Laboratory testing indicates that the properties of the crib
wall backfill fall generally slightly outside the backfill
specifications of the crib wall plans. since the backfill
material has a slightly higher fines content than the
specifications required, it probably is slightly less free
draining that the specifications intended. The relative
compaction of all of the density tests taken in the test
pits is less than 90%.
Areas of the concrete drainage ditch which runs at the top
of the wall contains slough and debris which may impede its
ability to carry water.
The bedrock
relatively
sandstone.
materials exposed in our test pits consisted of
impermeable dense to stiff siltstone and
Crib walls are designed generally to resist earth pressures
only. Although we did not find or review any calculations,
it is unlikely that a single cell deep (profile) crib wall
was designed to resist water pressures as well as earth
pressures. A properly constructed drain at the heel of the
wall can help prevent water pressures from becoming
hydrostatic across the back of the wall. However, water
pressures can build to levels intermediate of neutral and
hydrostatic in localized zones when the quantity of water
percolating into the zone is greater than the quantity of
water percolating out. Since the natural formation as
revealed in our test pits appears impermeable, only a small
percentage of the precipitation falling on the slope and
percolating into the surficial fill could penetrate the
natural formation below. A majority of the water likely
traveled downslope into the crib wall backfill.
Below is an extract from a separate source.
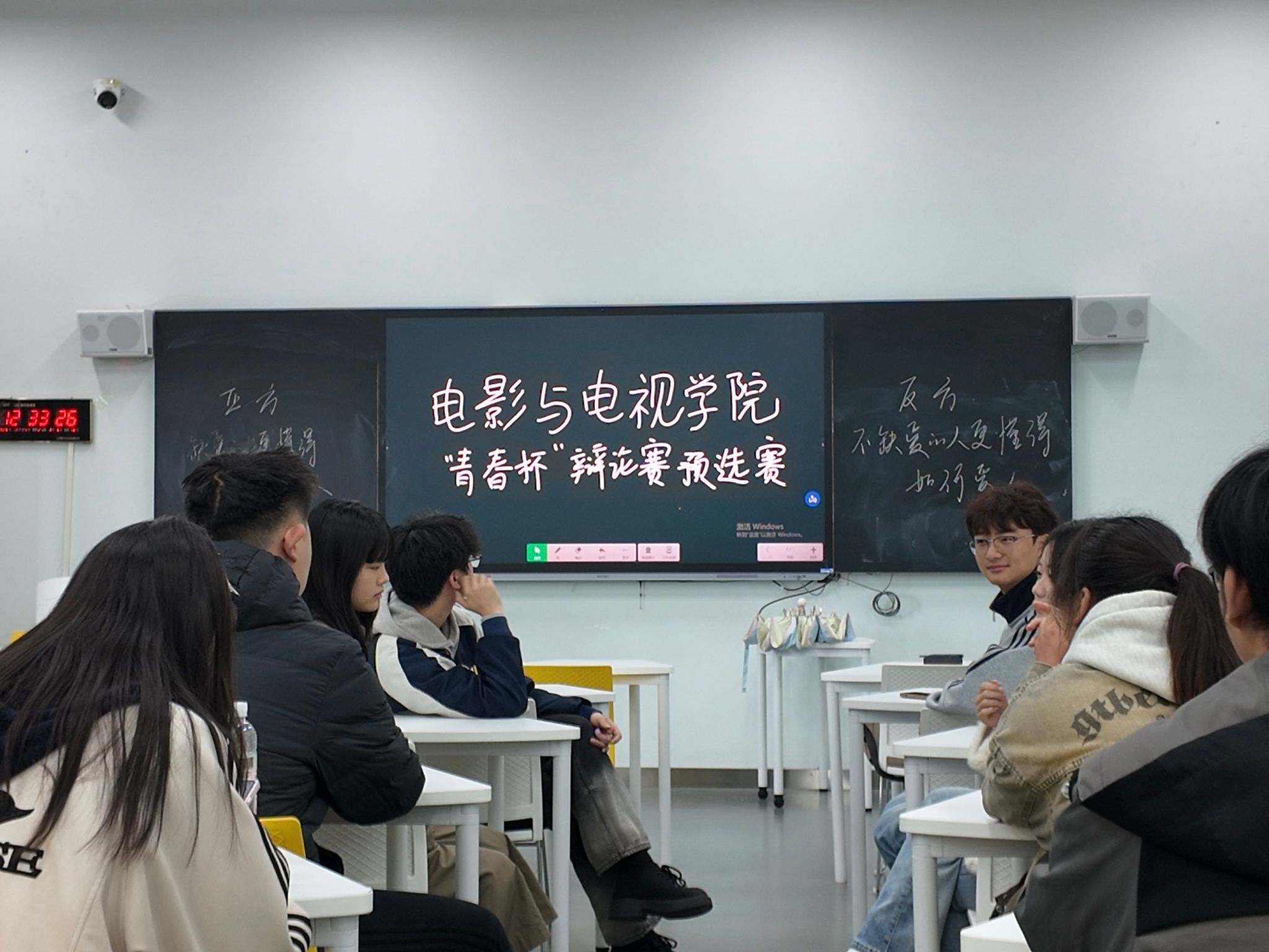 新闻与媒体中心网讯(文/由张铭宇供稿 图/由张铭宇提供 编辑/张呈瑞 责编/李一)为丰富校园文化生活,锤炼学生思辨能力与语言表达能力,武汉传媒学院第九届“青春杯”辩论赛电影与电视学院预选赛于2026年3月24日12点在武汉校区7号教学楼7201教室顺利举行。本次预选赛旨在积极响应我校第九届“青春杯”辩论赛的赛事要求,择优选拔并组建电影与电视学院学生代表队参加校级比赛。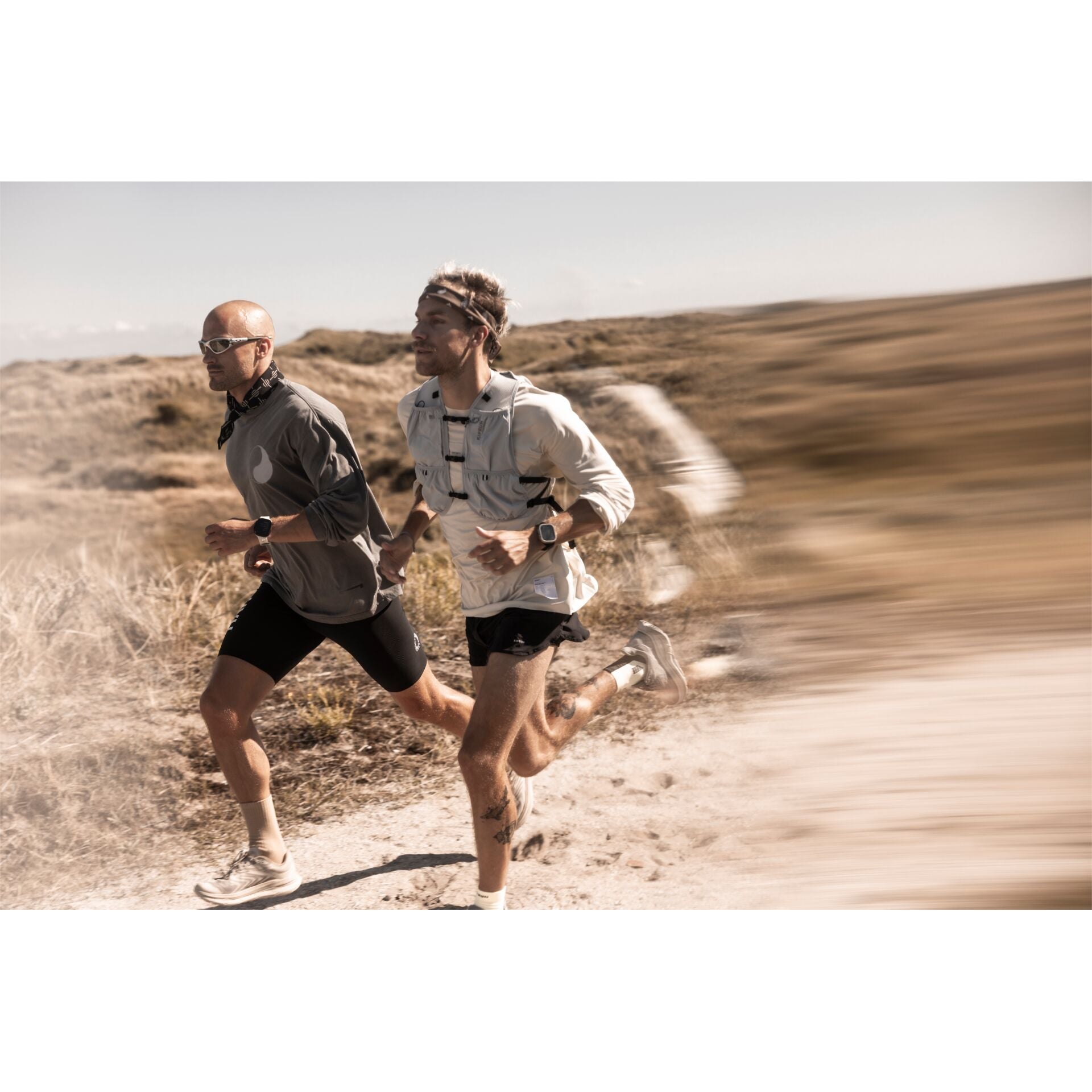 Für sicheren Sitz sorgt ein mechanischer Dornverschluss, der das Band zuverlässig spannt – ohne dass während des Trainings nachjustiert werden muss. Ein Loop Keeper mit Stahlelement fixiert das Bandende stabil und verhindert ein Verrutschen. Ergänzt wird das Setup durch passgenaue Slide-in-Lugs, die die Apple Watch sicher halten und seitliche Bewegung vollständig ausschließen. Die Sensorfunktionen der Uhr bleiben dabei uneingeschränkt nutzbar.

It is our opinion that the crib wall failure was due to the
effects of water infiltrating into the crib wall backfill
soils creating additional pressures behind the wall and
ultimately failure of a portion of the crib wall. The
primary source of water was the abundant rainfall in January
1993. Infiltration into the backfill soils as described
above was increased by the presence of rodent burrows,
tension cracks and the inadequate brow ditch.
HETHERINGTON ENGINEERING, INC.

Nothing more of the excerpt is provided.